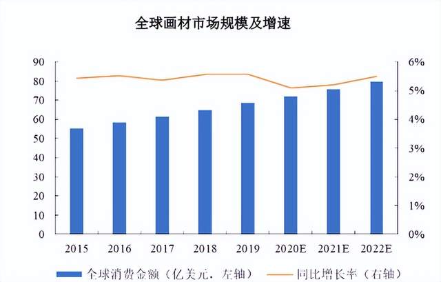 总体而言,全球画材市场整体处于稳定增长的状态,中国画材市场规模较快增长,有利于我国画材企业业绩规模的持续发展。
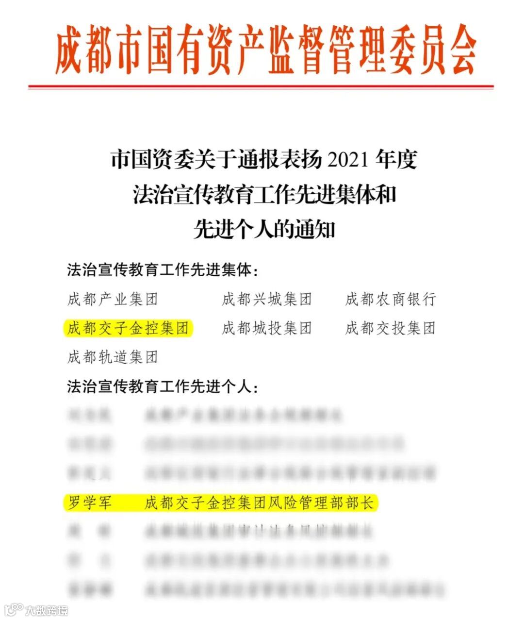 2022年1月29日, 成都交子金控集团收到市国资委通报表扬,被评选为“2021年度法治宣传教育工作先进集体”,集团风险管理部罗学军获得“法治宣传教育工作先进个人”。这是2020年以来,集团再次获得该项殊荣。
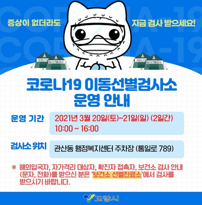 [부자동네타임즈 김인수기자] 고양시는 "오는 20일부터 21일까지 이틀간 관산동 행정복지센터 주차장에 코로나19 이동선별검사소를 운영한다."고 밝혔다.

» **WORK REQUEST**
Could you reproduce all of the material exactly? Keep the pictures out of it.

» **EXERCISE OUTPUT**
 总体而言,全球画材市场整体处于稳定增长的状态,中国画材市场规模较快增长,有利于我国画材企业业绩规模的持续发展。
 2022年1月29日, 成都交子金控集团收到市国资委通报表扬,被评选为“2021年度法治宣传教育工作先进集体”,集团风险管理部罗学军获得“法治宣传教育工作先进个人”。这是2020年以来,集团再次获得该项殊荣。
 [부자동네타임즈 김인수기자] 고양시는 "오는 20일부터 21일까지 이틀간 관산동 행정복지센터 주차장에 코로나19 이동선별검사소를 운영한다."고 밝혔다.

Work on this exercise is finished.